Similarly, 10 planar shear specimens were sampled from each plate. For each type of CLT, a total of 30 specimens were tested using the modified planar shear tests. The length and width of the specimens were 165 and 50 mm, respectively. The thickness was equal to the CLT plate thickness, i.e., 60 mm for the CLT20 specimens and 105 mm for the CLT35 specimens. The specimens were prepared so that the face layers and the cross layers did not contain any gaps. For the CLT20 specimens, the average moisture content was 11.4%, with COV of 0.122. For the CLT35 specimens, the average moisture content was 11.5%, with COV of 0.099.

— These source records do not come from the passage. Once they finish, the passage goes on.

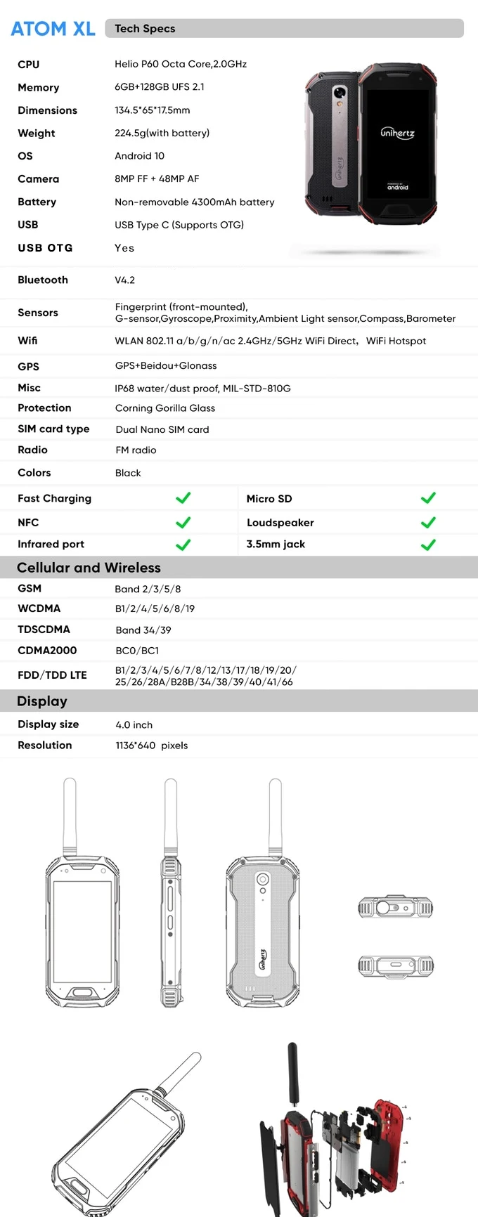 Atom XL also delivers practical smartphone performance with a Helio P60 octa-core processor, Android 11, 6GB RAM, and 128GB UFS 2.1 storage. It supports dual Nano SIM cards, expandable storage with MicroSD, NFC, Bluetooth 4.2, Wi-Fi 2.4GHz and 5GHz, USB Type-C, USB OTG, FM radio, fingerprint unlock, facial recognition, infrared, and a programmable key. For navigation and outdoor use, it supports GPS, GLONASS, and BeiDou positioning systems for more reliable location tracking.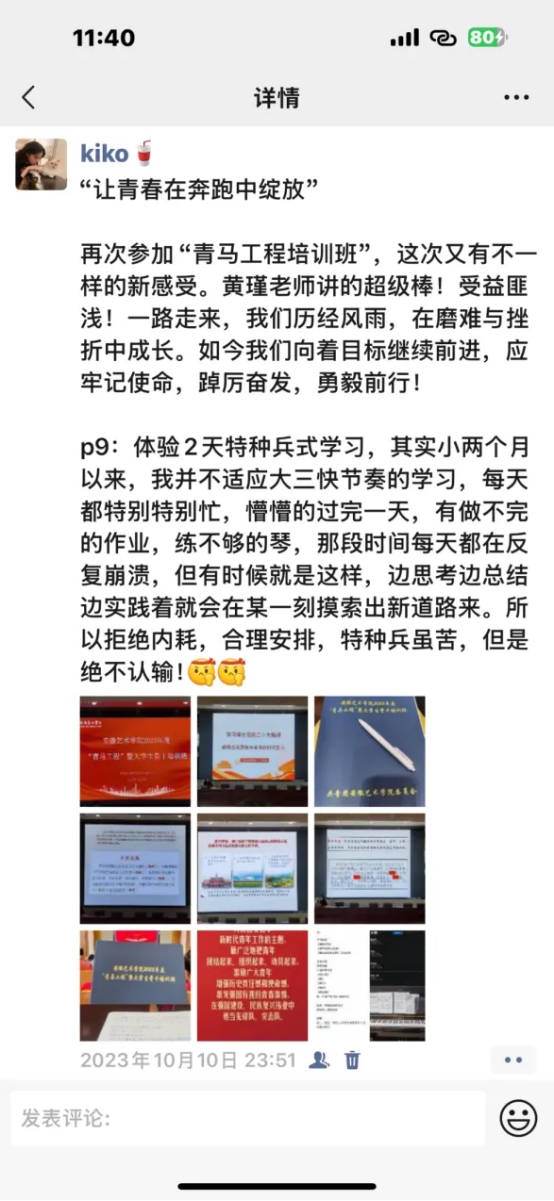 站在时间转角处回望来时的路并不平坦,但言此行值得。在安艺求学的这段时间,是我艺术生命扎根、萌芽的关键时期。学校提供的实践平台、师长们无私的关爱与专业的引领,是我能够快速成长、最终坚定选择考研并取得阶段性成果的基石。无论未来走向何方,“崇德尚艺 知行合一”的校训和安艺给予我的这份温暖力量,都将伴随我在艺术的道路上继续勇敢前行。感恩母校,感恩每一位点亮我梦想的安艺人。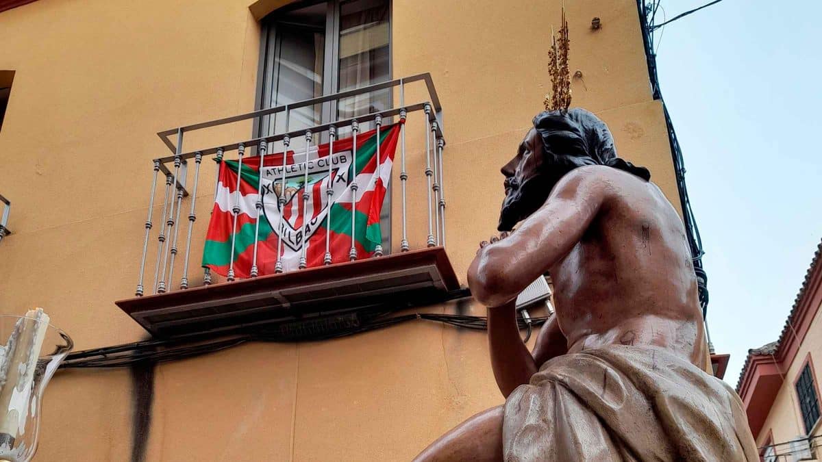 Los balcones estaban adornados con banderas del equipo vasco, creando escenas llamativas como la del Cristo mientras recorría la calle Santísimo Cristo de las Tres Caídas, momento compartido por la hermandad en sus redes sociales.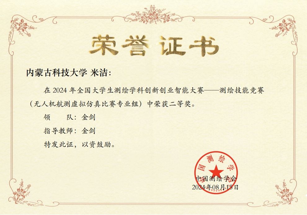 公司测绘工程系学子经过积极选拔与备战,参与了大赛各个项目的激烈角逐。最终,在金剑老师的指导下,公司优秀学子米洁从来自全国360所高校的近8000名员工中脱颖而出,获得无人机航测虚拟仿真比赛的全国二等奖。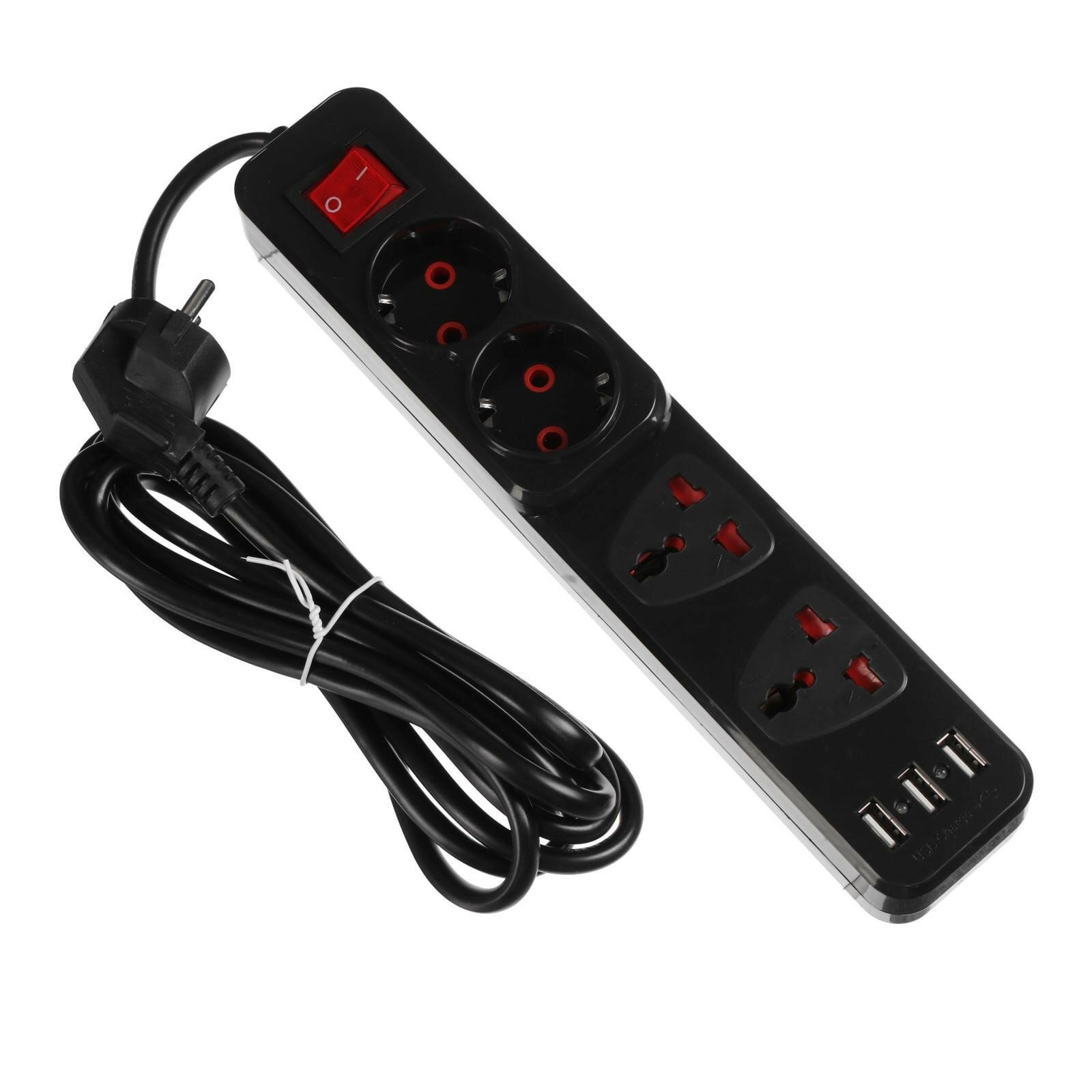 Удлинитель Luazon Lighting, 2 евро+2 унив.роз., 3 м,2200Вт, 2х0.75 мм2, 3хUSB, с выключателем, чёрный информация: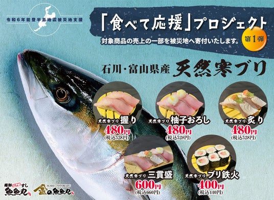 「食べて応援」プロジェクト第一弾は、1月18日(木)から2月14日(水)までの期間、当社が運営するグルメ回転寿司「魚魚丸(ととまる)」の全店舗で実施されました。この期間中、石川・富山県産天然寒ブリを使用した5品目が対象商品となり、計9万298皿を販売。その売上の一部を被災地支援の義援金として寄付いたしました。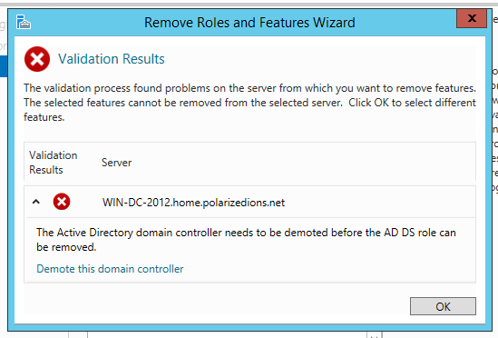 De-select “Active Directory Domain Services” when you get to that step. A popup should appear, saying that you need to demote it first. Click the “Demote this domain controller” link on the bottom.
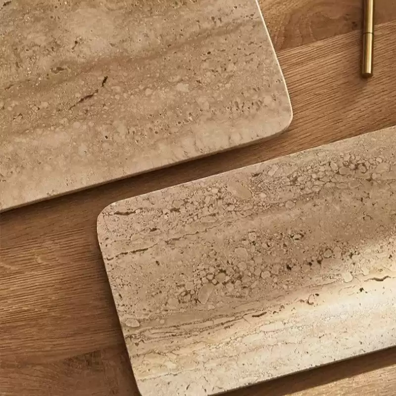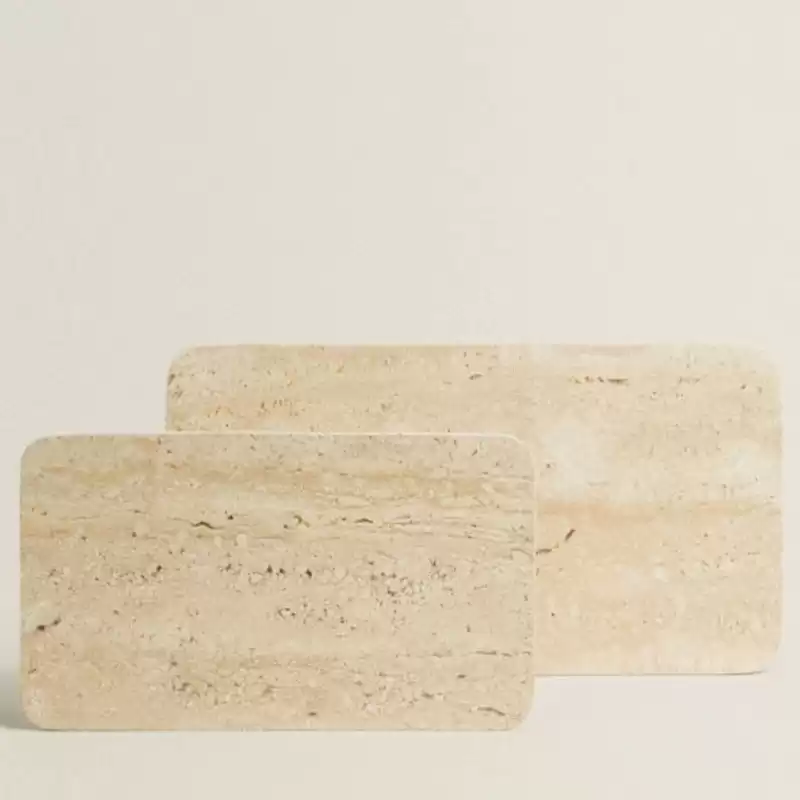 With its smooth edges, the Travertine Tray not only exudes sophistication but also provides a safe and stylish platform for your cherished items. Whether you're displaying candles, succulents, or keepsakes, this tray elevates your belongings to a new level of refinement.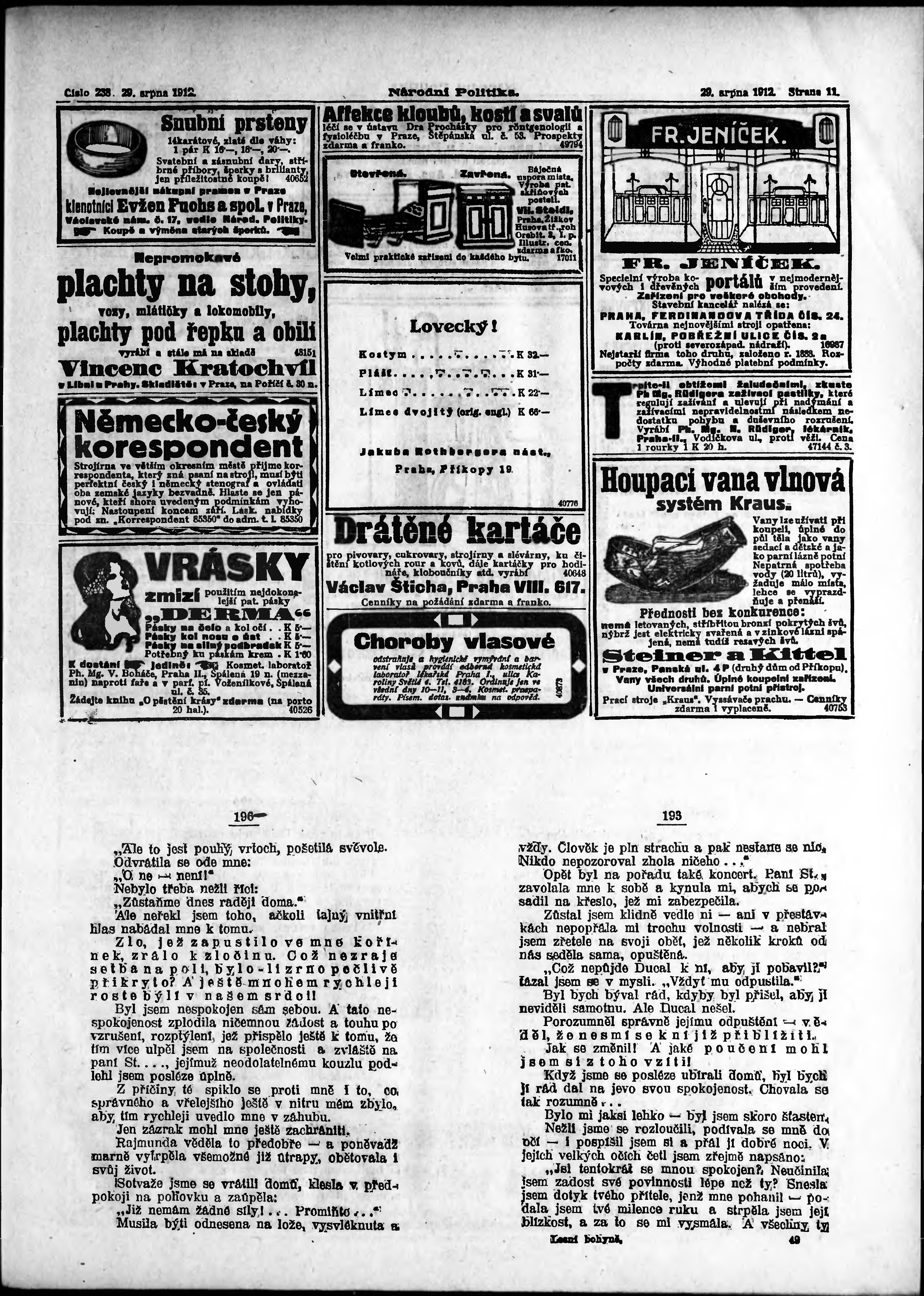 * Datum vydání výtisku: 29.8.1912 Číslo výtisku: 238 Poznámky k výtisku: ranní vydání;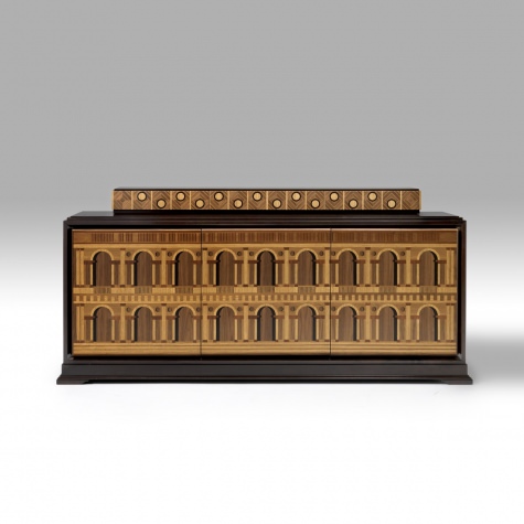 "Basilica Palladiana" inlayed sideboard in wood, available with upstand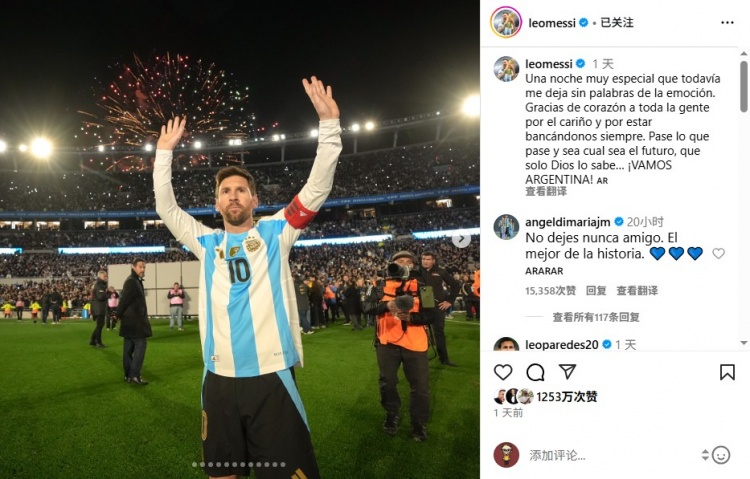 9月7日讯 梅西在Instagram发文谈国度队主场告别战,迪马利亚在评述区奉上道贺。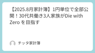 • 【2025.8月家計簿】1円単位で全部公開!30代共働き3人家族がDie with Zero を目指す

As shown in Fig. 3, the test setup was similar to that used in AS/NZS 2269.1:2012 standard [17]. The original test jig in the standard consists of 4 steel plates in two pairs which are connected to plywood with small bolted connections. In this study, adjustments of the test jigs were made to accommodate for the dimensions of the specimens and higher load level. The length of the steel plates was increased and screwed connections instead of small bolted connections were used to transfer loads between the steel plates and the wood specimen. Each pair of the plates was connected with one face layer of the specimen via two rows of *ϕ*4.7 mm × 32 mm stainless screws installed on opposite sides. Shear loads were applied onto one pair of the steel plates by the loading machine, transferred to one face layer by those screwed connections, and then transferred onto the cross layer via glue lines between the face layer and the cross layer. Due to relatively thin laminations used in the CLT20 specimens, *ϕ*3.5 mm × 16 mm steel wood screws were additionally driven into the face layers between the stainless screws along the perpendicular to grain direction to eliminate wood splitting caused by the screwed connections under high shear loads. The loading rate was 1 mm/min for both types of specimens. The time to failure for each specimen was about 4–8 min.

## Test results

The CLT20 and CLT35 bending specimens typically failed in RS, as shown in Fig. 4. Shear cracks were initiated in the cross layers with an inclined angle mostly 40°–50° with respect to the beam axis and some of them were further propagated to the glue lines between the layers. Such a failure mode was very brittle. For the CLT20 specimens, 2 out of 30 specimens also experienced secondary tensile failure at bottom edge at the final loading stage. For the CLT30 specimens, 6 out of 30 specimens experienced the tensile failures at the bottom edge at the final loading stage.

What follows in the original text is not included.